RIFONDAZIONE PARTITO COMUNISTA

  • 7 November 2019 17:59:00: Centesimo Anniversario della Rivoluzione D'Ottobre - Rifonda anche tu!
    di Maurizio Acerbo
    Intervento del segretario nazionale di Rifondazione Comunista – Sinistra Europea al meeting internazionale per il centenario della Rivoluzione d’Ottobre tenutosi a San Pietroburgo il 2-3 novembre 2017.
    Cari compagni del Partito Comunista della Federazione Russa vi ringrazio a nome delle compagne e dei compagni del Partito della Rifondazione Comunista per l’invito, l’ospitalità e la perfetta organizzazione con cui ci avete accolto nella città che un tempo portava il nome di Lenin.
    Con grande emozione intervengo in una sala e in un edificio (il Palazzo di Tauride) che furono teatro di avvenimenti fondamentali nel corso della rivoluzione russa e in cui in storici momenti prese la parola Lenin.
    Siamo qui riuniti per celebrare il centesimo anniversario di una rivoluzione che secondo il grande storico Eric Hobsbawm ha avuto un impatto più profondo e vasto della stessa rivoluzione francese durante un secolo che è stato “il più rivoluzionario della storia”. Dovremmo accostarci a questa lunga vicenda storica con lo stesso spirito con cui Marx e Engels studiarono per tutta la vita proprio la rivoluzione francese, con la stessa profondità con cui Antonio Gramsci rinchiuso nelle carceri fasciste rifletteva sulla sconfitta della rivoluzione d’Occidente dopo aver profetizzato nel 1926 in una lettera al comitato centrale del partito comunista russo le conseguenze drammatiche della spaccatura del suo gruppo dirigente. Come ci hanno insegnato Marx e lo stesso Lenin non dobbiamo nasconderci problemi, difficoltà, errori, contraddizioni. Dobbiamo imparare dalle vittorie e dalle sconfitte.
    Comprendere i processi storici è fondamentale per rinnovare la teoria e la pratica.
    Come in altre epoche di restaurazione l’ideologia e la propaganda dominanti – che sono quelle delle classi dominanti come insegnava Marx – demonizzano la rivoluzione come il male assoluto. Non solo cercano di occultare le grandi conquiste dei movimenti socialisti e comunisti, ma a leggere le loro ricostruzioni sembra che la violenza sia stata introdotta nella storia dai rivoluzionari in un mondo in cui regnavano pace, giustizia e armonia.

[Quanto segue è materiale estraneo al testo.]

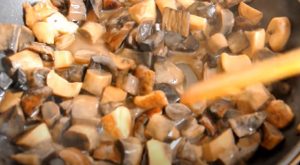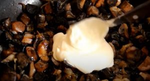- Մեկ այլ թավայի մեջ քիչ ձեթով սունկ տապակել (մոտ 40 րոպե):
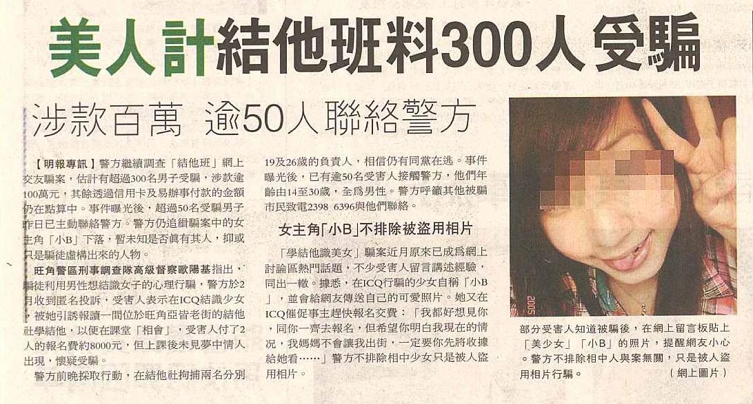 美人計結他班料300人受騙 涉款百萬 逾50人聯絡警方 【明報專訊】警方繼續調查「結他班」網上交友騙案,估計有超過300名男子受騙,涉款逾100萬元,其餘透過信用卡及易辦事付款的金額仍在點算中。事件曝光後,超過50名受騙男子昨日已主動聯絡警方。警方仍追緝騙案中的女主角「小B」下落,暫未知是否真有其人,抑或只是騙徒虛構出來的人物。 旺角警區刑事調查隊高級督察歐陽基指出,騙徒利用男性想結識女子的心理行騙,警方於2月收到匿名投訴,受害人表示在ICQ結識少女,被她引誘報讀一間位於旺角亞皆老街的結他社學結他,以便在課堂「相會」,受害人付了2人的報名費約8000元,但上課後未見夢中情人出現,懷疑受騙。 警方前晚採取行動,在結他社拘捕兩名分別19及26歲的負責人,相信仍有同黨在逃。事件曝光後,已有逾50名受害人接觸警方,他們年齡由14至30歲,全為男性。警方呼籲其他被騙市民致電2398 6396與他們聯絡。 女主角「小B」不排除被盜用相片 「學結他識美女」騙案近月原來已成為網上討論區熱門話題,不少受害人留言講述經驗,同出一轍。據悉,在ICQ行騙的少女自稱「小B」,並會給網友傳送自己的可愛照片。她又在ICQ催促事主趕快報名交費﹕「我都好想見你,同你一齊去報名,但希望你明白我現在的情况,我媽媽不會讓我出街,一定要你先將收據給她看……」警方不排除相中少女只是被人盜用相片。 |

    Presentano gli ideali socialisti e comunisti in quanto tali come portatori di guerra e repressione. Noi sappiamo che non è questa la verità storica, che la rivoluzione russa fu un prodotto della guerra mondiale scatenata dalle potenze imperialiste e di ingiustizie secolari divenute inaccettabili. I bolscevichi dovettero lottare contro nemici feroci appoggiati dalle potenze capitalistiche. Il contesto storico segnò i caratteri della rivoluzione ed è troppo facile esprimere giudizi a posteriori. Se i bolscevichi si affermarono rispetto ai loro concorrenti degli altri partiti socialisti fu perché riuscirono a interpretare e a dare voce ai bisogni e alle aspirazioni di enormi masse di soldati, operai, contadini. I bolscevichi seppero imparare dall’esperienza pratica delle masse, individuando le parole d’ordine e il programma capace di mobilitarle e indirizzarle. Se in Ottobre non avessero rovesciato il governo provvisorio non sta scritto da nessuna parte che la rivoluzione avrebbe avuto uno sviluppo pacifico e democratico. Assai più verosimile che qualche generale zarista reazionario l’avrebbe schiacciata.
    Il crollo dei regimi socialisti dell’Europa orientale e la disintegrazione dell’URSS non cancellano il valore storico della Rivoluzione del 1917 ne’ giustificano l’annuncio della fine o della morte del comunismo che tra il 1989 e il 1991 è diventato il ritornello ripetuto dalle classi dominanti e dai loro mass media.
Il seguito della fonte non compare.